### REQUIREMENT
After locating "12月17日(水) ~12月23日(火) イオンモール水戸内原店" in the listing below, copy that line and each one after it exactly, ending with the line that has "LDR and EBR".

### RECORDS TO USE
----------
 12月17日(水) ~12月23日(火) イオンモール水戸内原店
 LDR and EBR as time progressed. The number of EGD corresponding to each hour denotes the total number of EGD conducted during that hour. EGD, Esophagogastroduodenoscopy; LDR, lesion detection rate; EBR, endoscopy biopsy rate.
----------
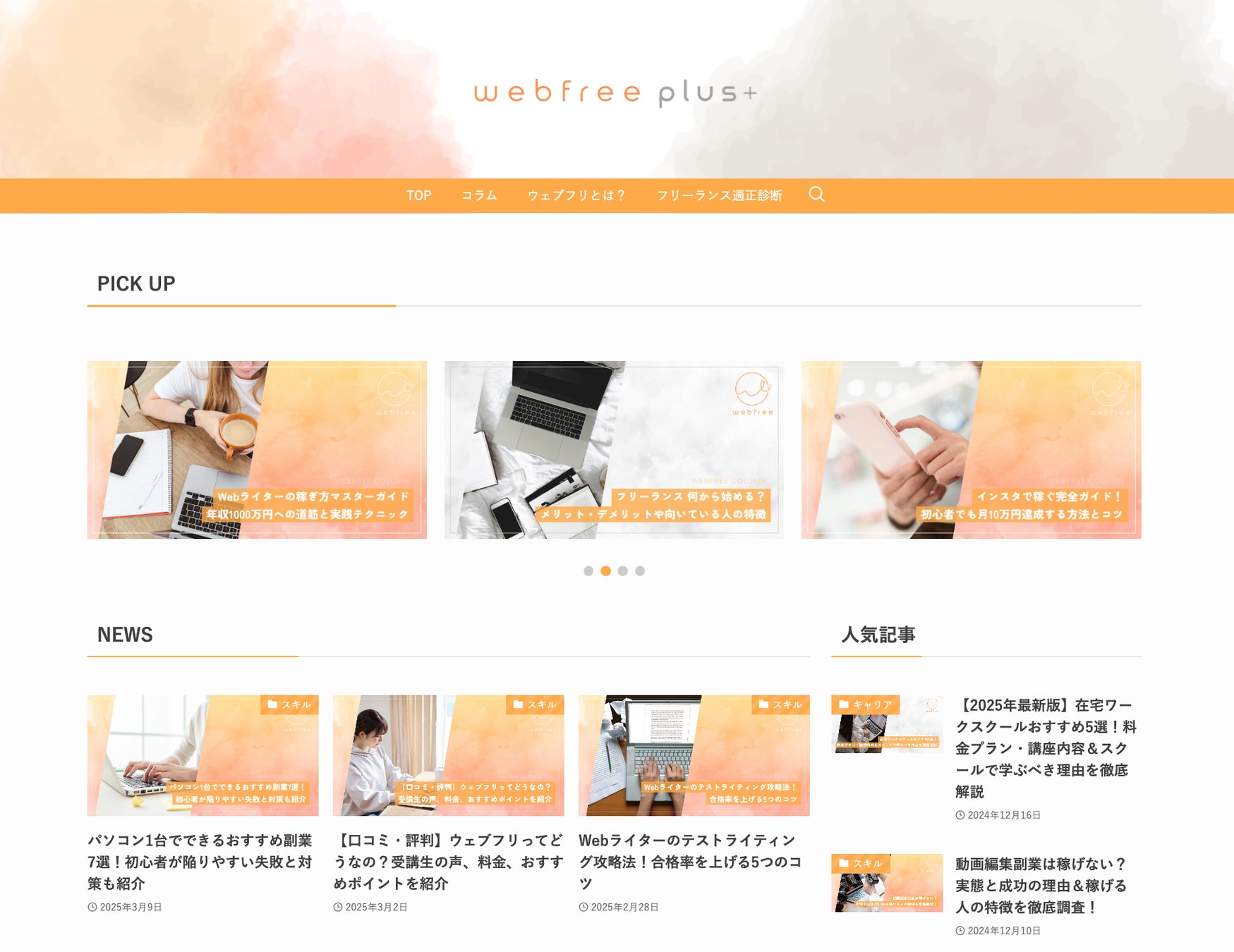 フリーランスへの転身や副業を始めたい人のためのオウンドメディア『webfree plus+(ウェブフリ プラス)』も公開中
----------
### ANSWER SECTION
 12月17日(水) ~12月23日(火) イオンモール水戸内原店
 LDR and EBR as time progressed. The number of EGD corresponding to each hour denotes the total number of EGD conducted during that hour. EGD, Esophagogastroduodenoscopy; LDR, lesion detection rate; EBR, endoscopy biopsy rate.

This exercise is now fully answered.